# firewall intrusion alert



## okeee (May 14, 2006)

I use Agnitum Outpost and all of a sudden I received this message:

17:14:26 Intruder blocked Rst attack detected from 211.210.231.163 -> 211.210.231.163

I'm quite worried, does this mean that someone tried to hack the pc, and the firewall prevented it? Do I need to take some action?


----------



## A-Nick4me (Jul 31, 2006)

okeee said:


> I'm quite worried, does this mean that someone tried to hack the pc, and the firewall prevented it? Do I need to take some action?
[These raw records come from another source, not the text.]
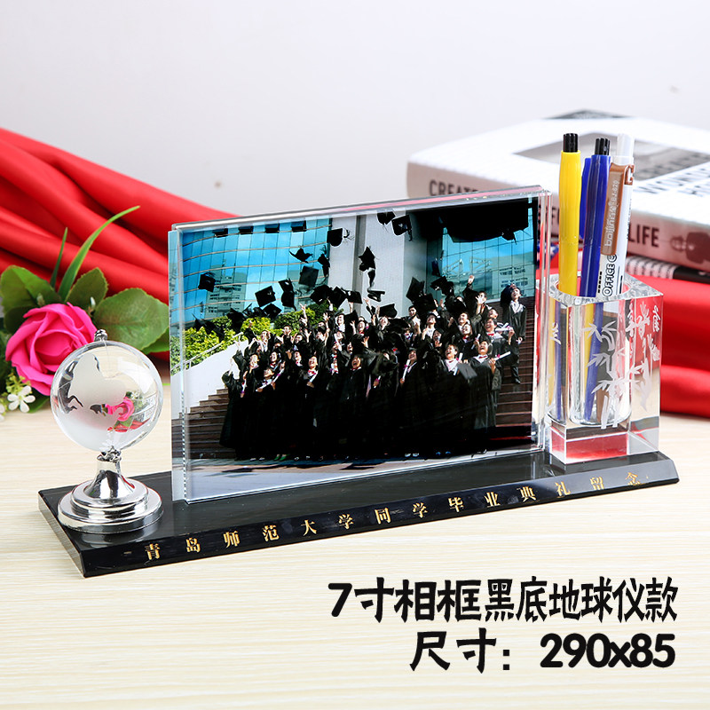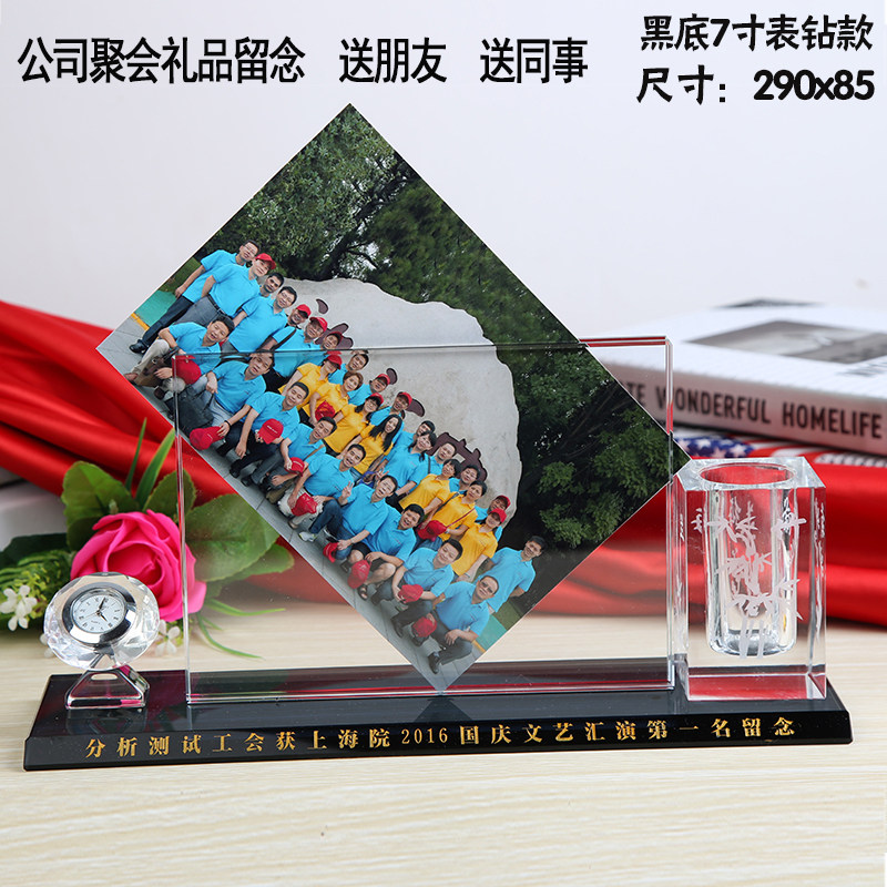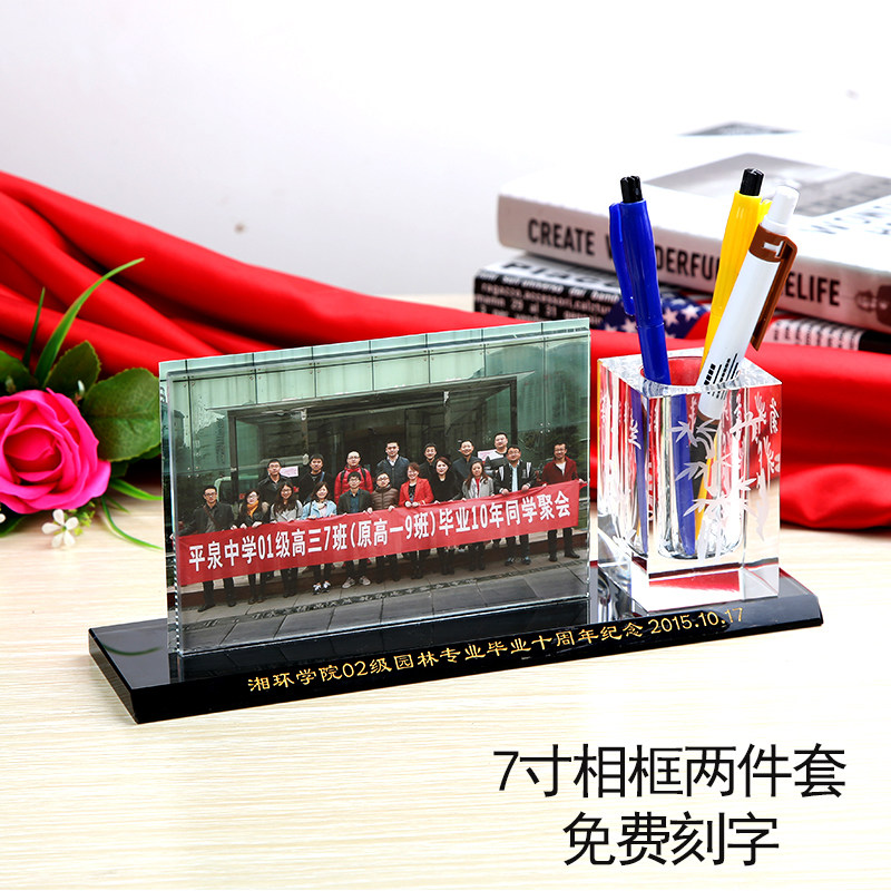 School reunion souvenir custom crystal photo frame pen holder ornament three-piece set of practical creative company gifts for students
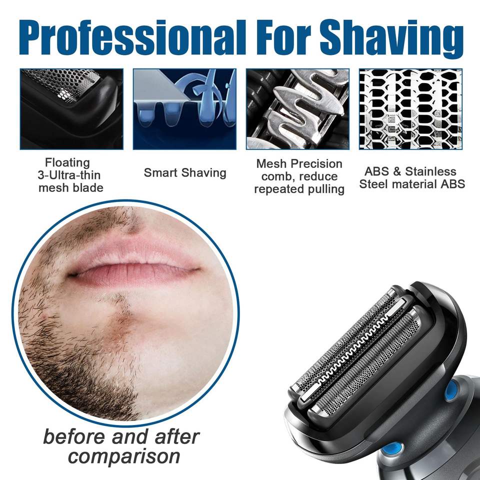 Lot de 3 Têtes de Rasoir de Rechange pour Rasoir Électrique Homme Noir Lame Double Rotative Étanche IPX7 Lavable pour le Visage
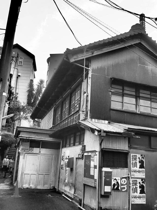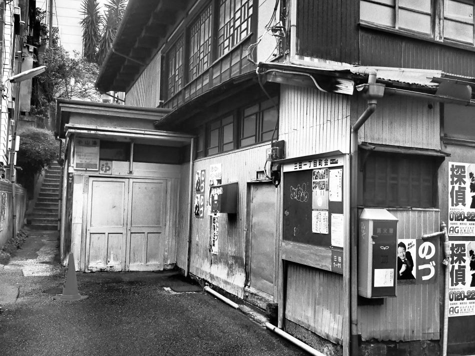 ![]() 商店街から折れた路地の奥に旧小山湯。 この手前の建物との間には木造2階の長屋的な建物があった。 ドン突きの同湯の傍らには、後方の高台に昇る細い階段の道がある。 |
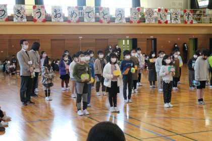 3年生は、写真立てを送りました。片側には学校の写真、もう片方には各自で選んだ絵を手書きしました。一人ずつ並んで、祝う会で直接手渡しました。喜んでもらえてよかったです。
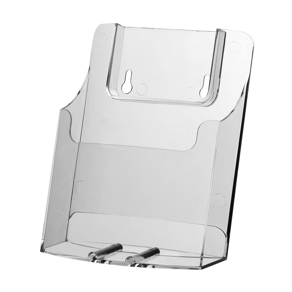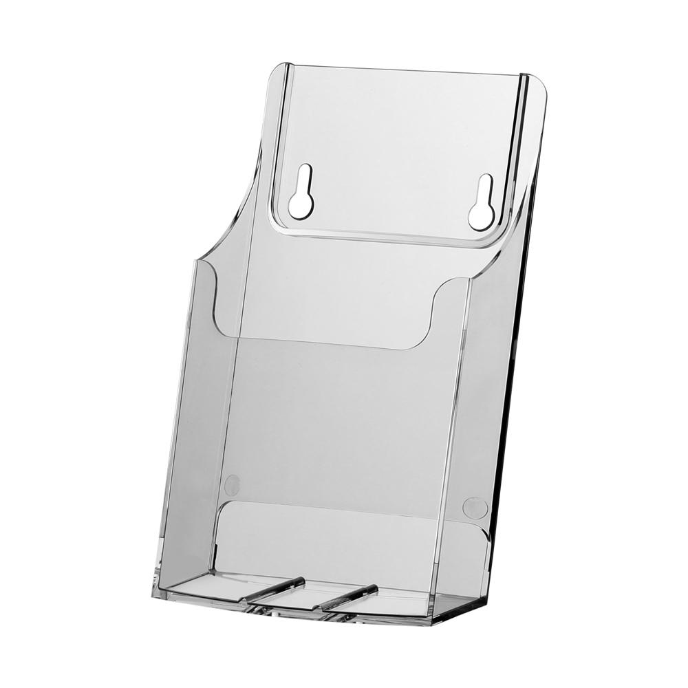Brosjyreholderen er formstøpt og består av krystallklar polysteren. Den leveres i standard, stående format A4, A5 og 1/3 A4.
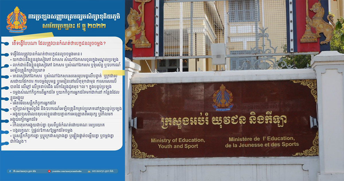 ភ្នំពេញ៖ ក្នុងខណៈពេលការប្រឡងសញ្ញាបត្រមធ្យមសិក្សាទុតិយភូមិ ឬ ហៅបាក់ ឌុប នៅថ្ងៃទី ០៥ ខែ ធ្នូ ឆ្នាំ ២០២២ កាន់តែខិតជិតមកដល់ក្រសួងអប់រំយុវជន និង កីឡាបានធ្វើការបង្ហាញពីកំហុស និងទង្វើមួយចំនួនដែលក្រសួងចាត់ទុកថាខុសវិន័យ ហើយអាចឈានទៅដល់ការដាក់ទោសកំហុសនាំឱ្យត្រូវធ្លាក់ជាស្វ័យប្រវត្តិ។
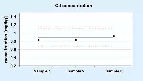 圖4.檢測到的鎘濃度(直線:標(biāo)準(zhǔn)值;點化線:DINEN14902標(biāo)準(zhǔn)規(guī)定的上下限。)
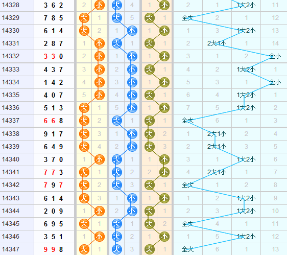 上期大小形态开出大大大,本期可以关注2大1小的形态。百位上期开出大号球,本期看好大号球的开出;十位上期开出大号球,本期看好小号球的开出;个位上期开出大号球,本期看好大号球的开出,本期综合推荐大小大。
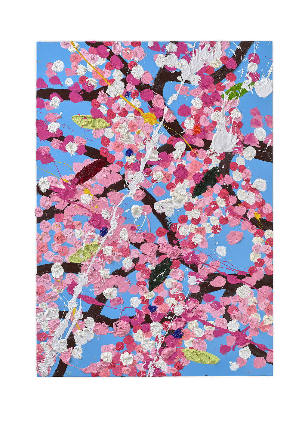 Paper Blossoms is a series of 900 unique original paintings on card featuring the vibrant imagery of Hirst's Cherry Blossoms paintings.
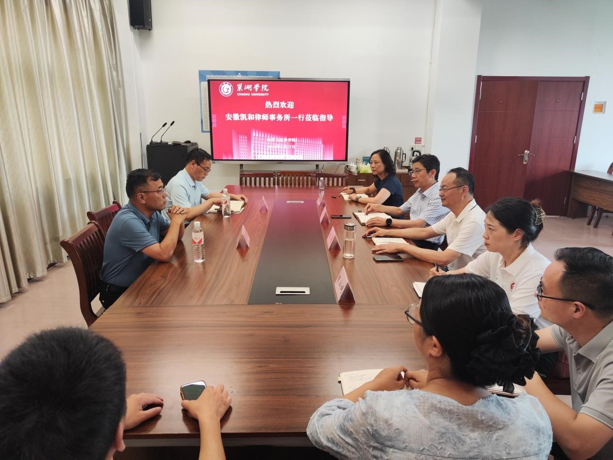 6月17日下午,安徽凯和律师事务所合伙人张先庭律师、吴凯律师一行来经法学院调研交流。经法学院党委书记石庭、副院长施玮、副书记解雪梅以及教师代表参会,会议由副院长施玮主持。
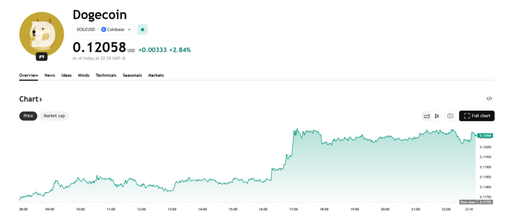 • Dogecoin is buying and selling close to $0.12 after shedding over 60% in a yr
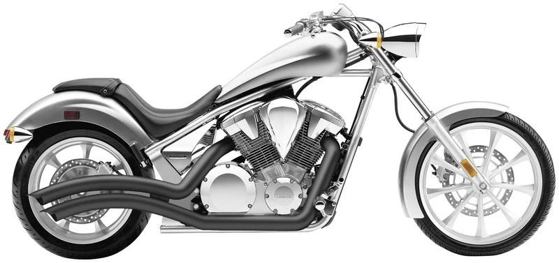 - Curved lines of the exhaust pipes echo the sweeping top line of motorcycles
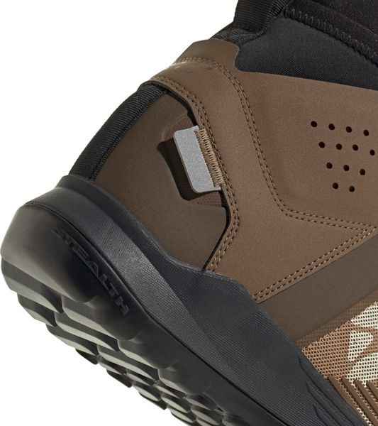 "Experience the ultimate adventure with the Trailcross Mid Pro mountain bike shoes from Five Ten, which have been specially developed for passionate mountain bikers and outdoor enthusiasts. These shoes offer a perfect combination of performance and sustainability. The Stealth Phantom rubber outsole with its unique Dotty tread guarantees excellent control over the pedals, while the structured toe and heel allow for secure steps on uneven terrain."
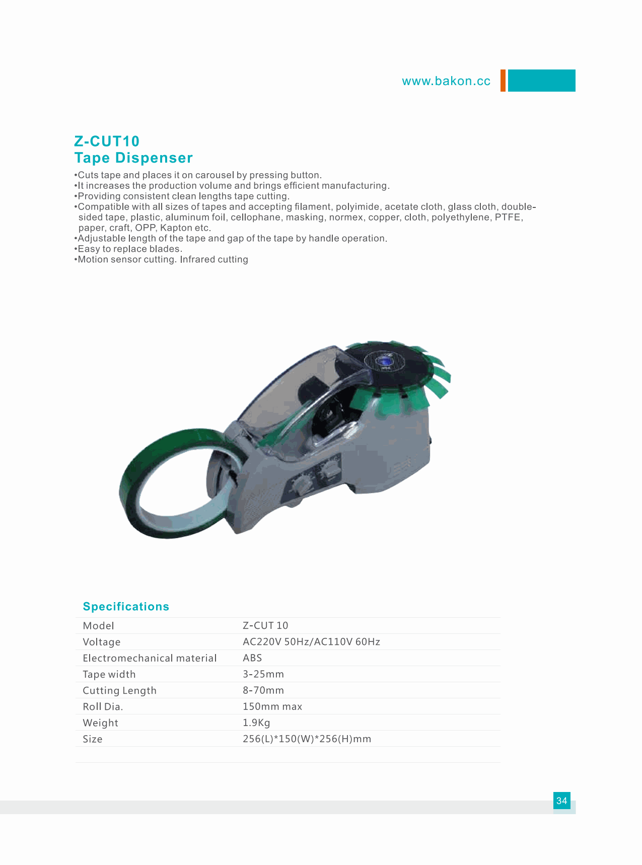 Bakon Z-CUT10 Tape Dispenser (8-70mm) | EMIN.ASIA

If a hacker attempted to access your computer (which may or may not be the situation).... Is that not one of the main reasons for installing a firewall?
However there might be cause, or some wisdom in worrying if you did not have a firewall installed.


----------



## johnwill (Sep 26, 2002)

If you enable firelwall logging, you'll get these all the time. The ones you have to worry about are the ones that the firewall *doesn't* announce! :grin:


----------



## okeee (May 14, 2006)

can IP be changed, so that it seems that the IP is from somewhere else? Such as, someone in Sweden changing his IP-adres in an IP-adres from Korea, so that he can't be tracked?


----------



## johnwill (Sep 26, 2002)

If they go through proxy servers, it's possible.


----------